À San Francisco, par exemple, où les maisons sont habituellement peu élevées, à cause des tremblemens de terre assez fréquens, se dresse un haut et vaste hôtel, ayant six étages, avec cave et grenier, sans aucune fondation en maçonnerie. L’ossature consiste en une immense cage rectangulaire, dont les côtés sont formés par des poutres de fer, placées à peu de distance les unes des autres, et solidement unies entre elles, de manière à constituer la robuste carcasse d’une sorte de navire terrestre, destiné en effet à osciller sans danger sur le sol où il repose, comme les véritables navires oscillent eux-mêmes sur la mer.

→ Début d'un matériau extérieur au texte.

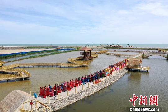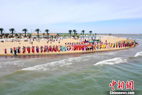 在博斯騰湖大河口景區(qū)西海沙浪景點,來自該縣的500余位能歌善舞的非遺傳承人和民間藝人們,穿著蒙古族盛裝,在舞臺上盡情表演。

Un de mes compagnons de route, partant du principe que le style des édifices doit en désigner l’usage, remarquait que cette lourde bâtisse figurait très bien une énorme malle déposée à terre, excellent emblème architectural pour une maison recevant des voyageurs.

Même dans les cas les plus ordinaires, la fantaisie des architectes du nouveau monde se plaît parfois à employer des procédés qui déconcertent notre routine européenne. Qu’un propriétaire de chez nous veuille exhausser sa maison, il se contente simplement de superposer un étage supplémentaire à ceux qui existent déjà. Le propriétaire américain attaque la difficulté par la base ; il fait scier sa maison au ras du sol, l’élève tout entière à la hauteur voulue, au moyen de madriers et de crics, puis bâtit dessous le rez-de-chaussée. Le Columbus Club, qui subissait cette opération pendant mon séjour à Chicago, était un monument construit primitivement avec quatre étages, en pierres et en briques.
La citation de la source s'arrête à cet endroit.